Essentially there are a whole variety of different interactions, some of them which interact with themselves. You wind up with a tiny zoo of bizarre diagrammatic creatures that you have to figure out herding patterns for - and only then can you get the tool to do the herding for you. I seem to remember involved a whole deal of abstract group theory.
It's way easier to draw the diagrams on paper to solve all cases of an interaction, anyhow; after all that nightmare you wind up with some result. And from what I recall, the number of cases also grows exponentially too D:
The way I read this: this method of finding non-pertrubative terms requires calculating perturbative terms first, that’s why it can’t be applied to QED and other more-or-less realistic theories. But of course string theorists can use this method to write more papers.
I'm much more interested in whether it can provide a better way to deal with the strong force. QCD is almost impossible to calculate with in most cases because everything diverges.
> "Resurgent functions" are divergent power series whose Borel transforms converge in a neighborhood of the origin and give rise, by means of analytic continuation, to (usually) multi-valued functions, but these multi-valued functions have merely isolated singularities without singularities that form cuts with dimension one or greater.
Regardless, I think we can all agree super compact massively heavy objects do in fact exist.

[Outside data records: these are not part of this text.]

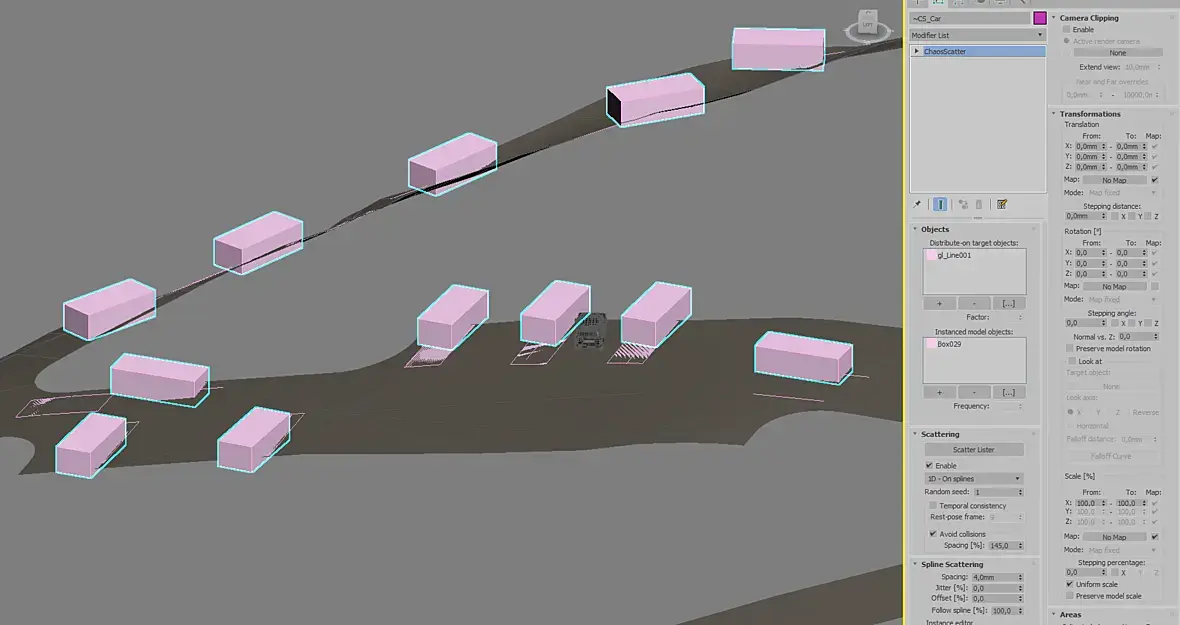 danmer68, conform модификатор с 24версии макса вроде, нужен, чтобы сплайн на поверхность спроецировать. авто раставлять по сплайнам spacing tool, можно через скатер и потом в меш извлеч, но тогда вроде не будет инстансов. машинки искажаются потому что там заданы рандомные повороты их можно либо в ноль либо поменьше поставить, они зад и перед поднимают\опускают
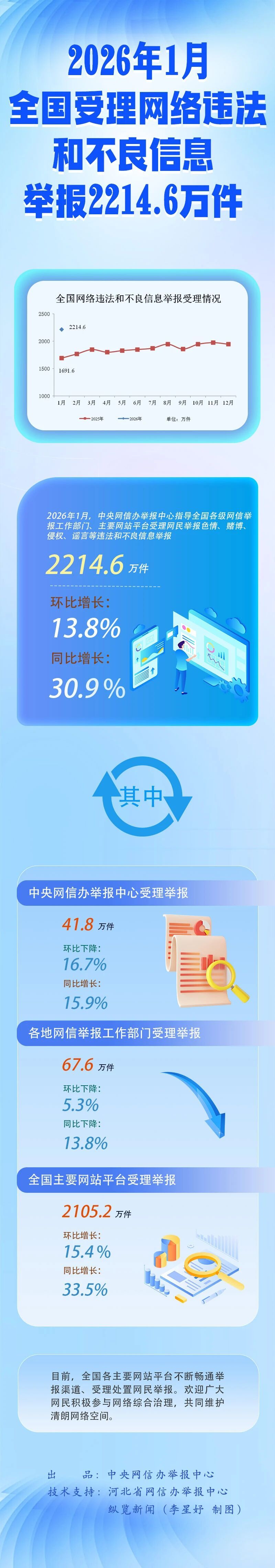 權威發布 | 1月全國網絡舉報2214.6萬件
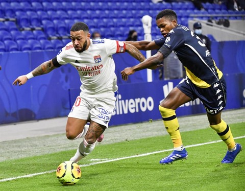 | L'attaquant de Lyon, Memphis Depay (gauche), échappe au milieu de Lyon, Florentino Luis, le 25 octobre à Décines-Charpieu. |
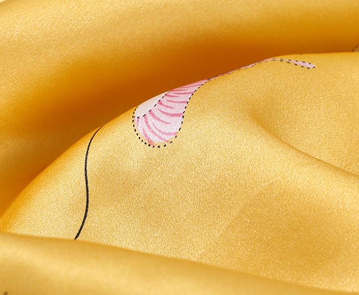 取自宋代词牌《满庭芳》,苏轼词有“江南好,千钟美酒,一曲满庭芳”句,晓色云开,赵粉,魏紫与姚黄竞芳菲,漫步庭院,顿觉春随人意的舒畅。繁花缀锦,彩蝶穿花,春光一派明媚,而春风过处,风摇翠竹,新绿溅溅,让人流连忘返,忘却归路。 此款印花图案,着色清雅,花卉姿态自然,强调了仿手绣的轻松笔触。
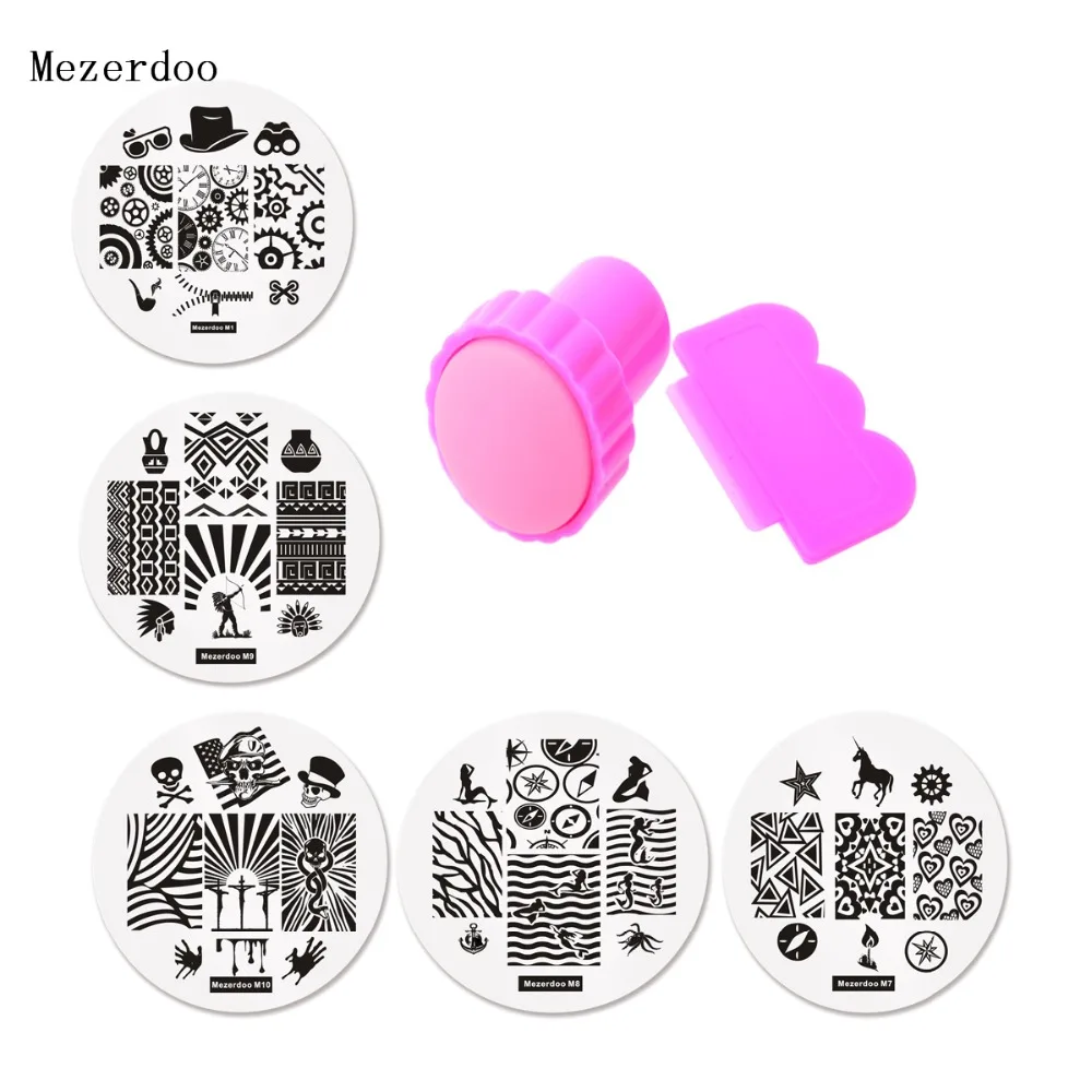 Единорог Русалка Стиль 10 Круглые штампованные пластины + 1 стемпер скребок Набор сделай сам дизайн ногтей шаблон пластина изображения для Nials украшения
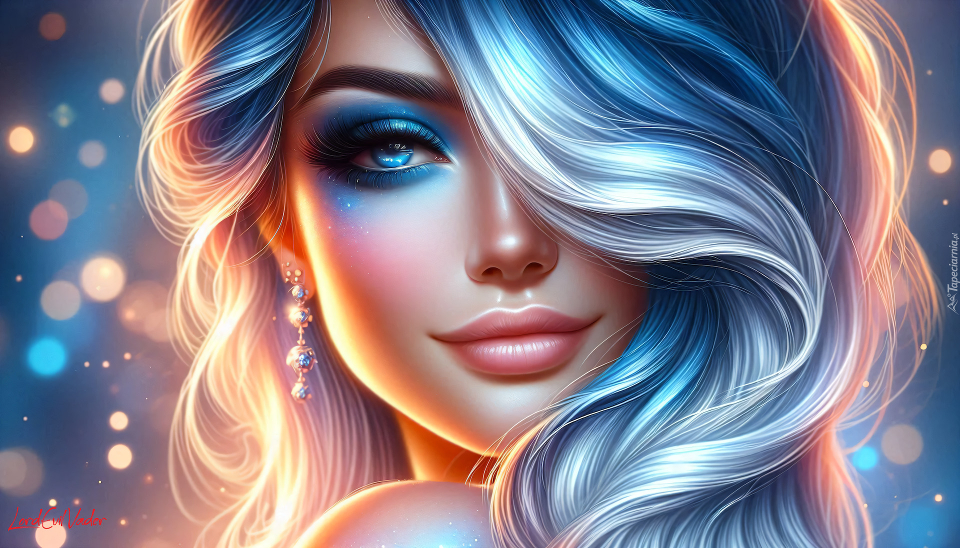 Edytor tapety: Twarz blondynki z długimi włosami w makijażu
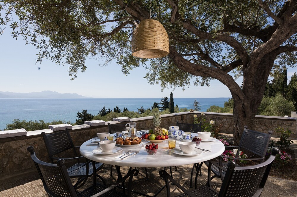Upon arrival, you'll be greeted by a tranquil atmosphere surrounded by lush gardens. The air-conditioned villa provides a comfortable space, and you can immediately feel the relaxing vibe as you step onto the terrace. Mornings can be spent enjoying coffee by the seasonal outdoor pool, listening to the gentle sounds of nature. A short walk takes you to the beautiful Ionian Sea, where you can soak in the sun or explore Kavos Beach.
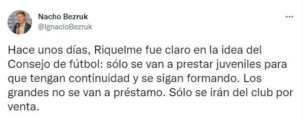 El periodista Ignacio Bezruk reveló cuál es la intención de Juan Román con el plantel del Xeneize. “Hace unos días, Riquelme fue claro en la idea del Consejo de fútbol: sólo se van a prestar juveniles para que tengan continuidad y se sigan formando. Los grandes no se van a préstamo. Sólo se irán del club por venta”, aseguró.
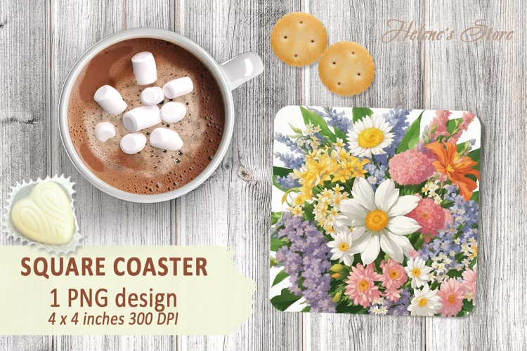 Coaster Flowers Bouquet Flower Sublimation Coaster Designs Coaster Sublimation Floral Coaster Flower Coaster Coasters Sublimation Design Spring Flowers Square Coasters Bouquet Florals
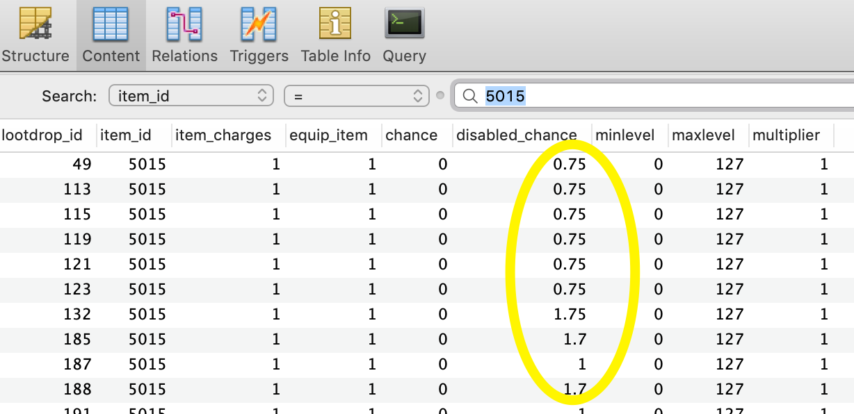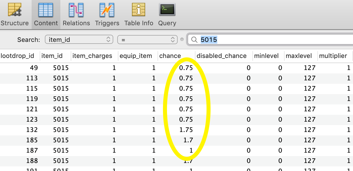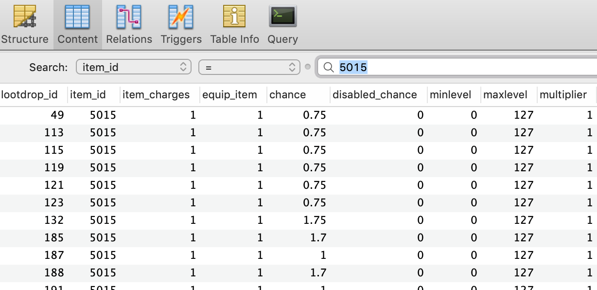 First, let's take a look at our database to see the item listed in its corresponding lootdrop_entries. Notice the "chance" column, which is used to set the probability of the item dropping when the NPC is killed.
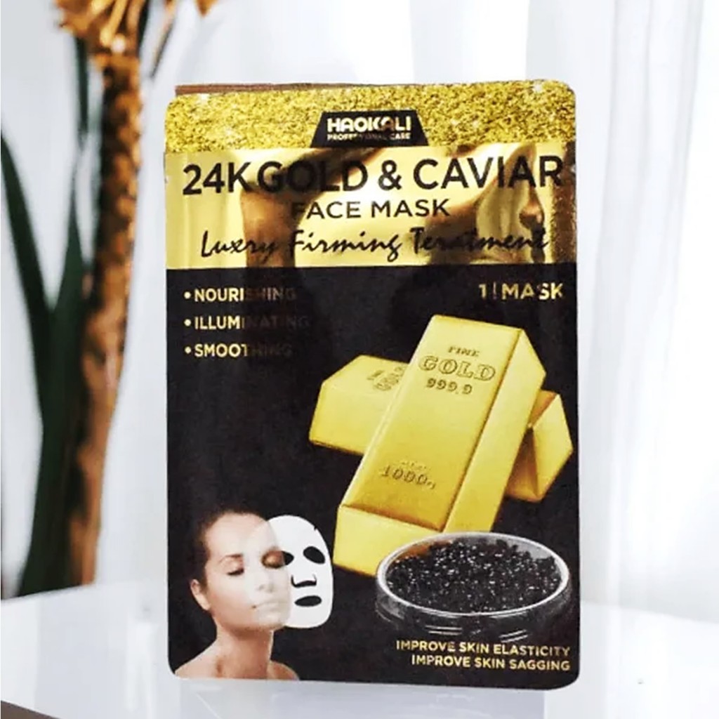 Haokali 24K Gold & Caviar Face Mask Luxury Hydrating Treatment 10sheets แผ่นมาส์คหน้ากระจ่างใสเนียนนุ่ม
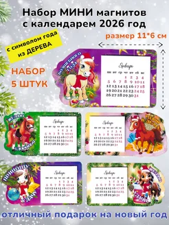 Деревянные магниты с календарем 2026 года Лошади 5шт
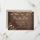 Announce your special day with our elegant, modern rustic wood Save the Date invitation, a perfect choice for fall weddings. Adorned with gold gilded floral lace and charming string lights, this invitation exudes warmth and sophistication.
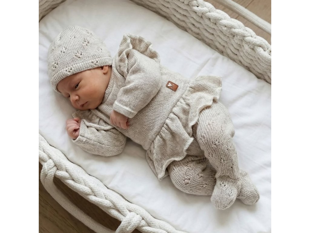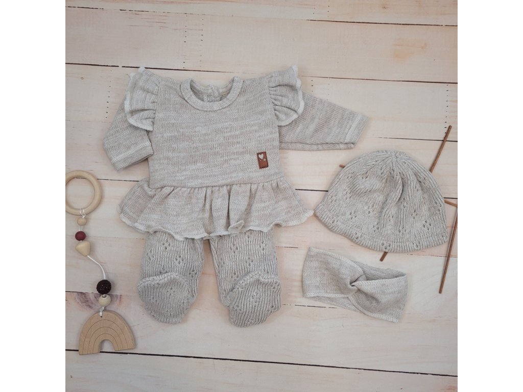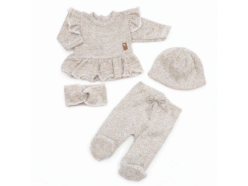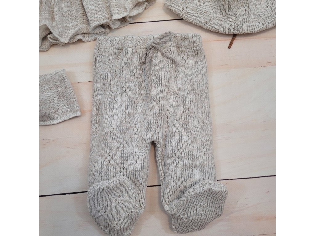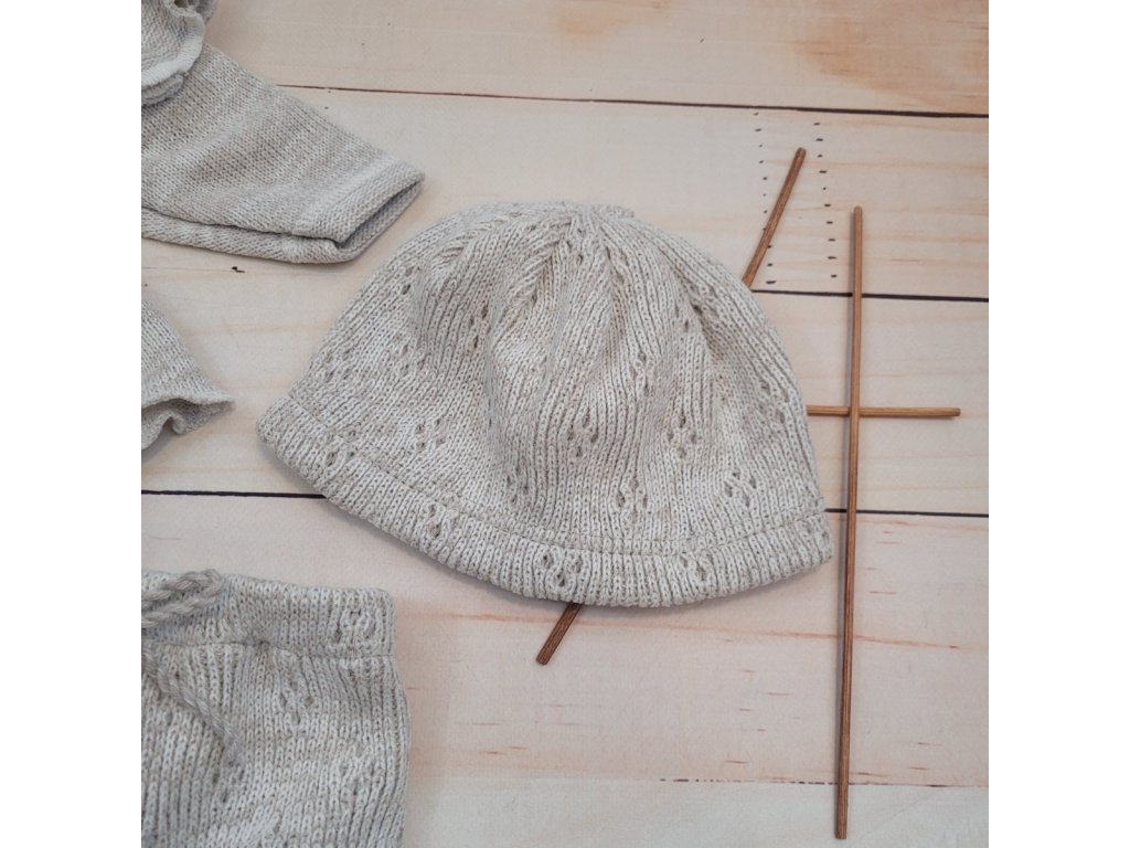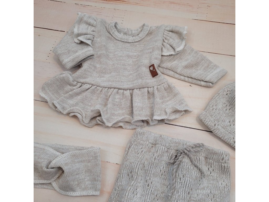 Pletená ažurková sada 4D, tunika, polodupačky, čepička + čelenka, oříšková
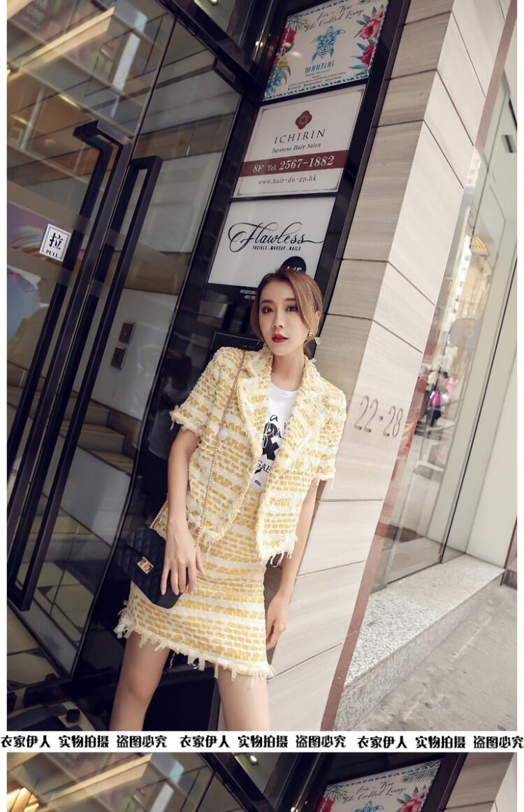 韓流スター イエローチェック柄ツィードハイウェストスカート 大人女子☆ ⦿韓国 オルチャン K-pop アイドル ジャケット スーツ ワンピース カーディガン ニット フーディー トレーナー キャミソール スカート シャツ ブラウス 6A1983093405 | K Star Clothing
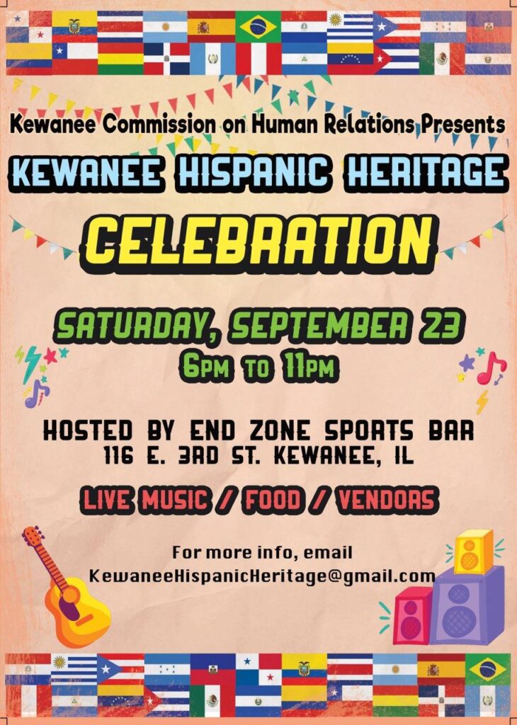 The Kewanee Commission on Human Relations, along with End Zone Sports Bar, will host the first Kewanee Hispanic Heritage Celebration on Saturday, Sept. 23, from 6 to 11 pm. The event will be held at End Zone, located at 116 E. Third St., and feature music, food and vendors.
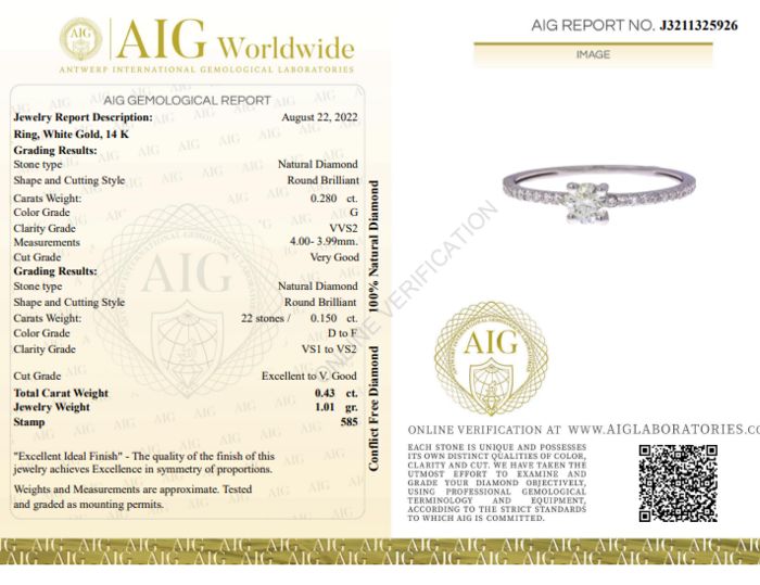 Total Carat Weight: 0.43ct.

We have pictures of black holes, we can see infrared time-laps images spanning decades of stars whipping around an undefined point in space.... they certainly do exist. Does all that matter collapse to an asymptotic point beyond Planck space? Perhaps not, it could simply be really compact degenerate matter, inside the Schwarzschild radius, like a quark-gluon plasma, or whatever might go above such high energies. And whatever that stuff is, it could perhaps not collapse to single point, it just gets really hot, and really dense.
Recently Eric Weinstein has been making the rounds on internet podcasts, for example Joe Rogan and the likes... getting what we might call academically belligerent about singularities, and all the "(re)normalisation" that gets explained away to balance equations. His characterisation of the situation is charismatic, and to some extent persuasive. But I dunno, he seems kinda weird.
Is the implication that each nonperturbative term represents a specific kind of field interaction? Thus would there be a finite set of nonperturbative terms that, if exhaustively found, would render the trans-series convergent?
That's an interesting idea but I think if it was the case, the article would have said so. What I got from it is that they haven't even got this to work in anything except for simplified toy universes. So I doubt anyone can answer your question yet.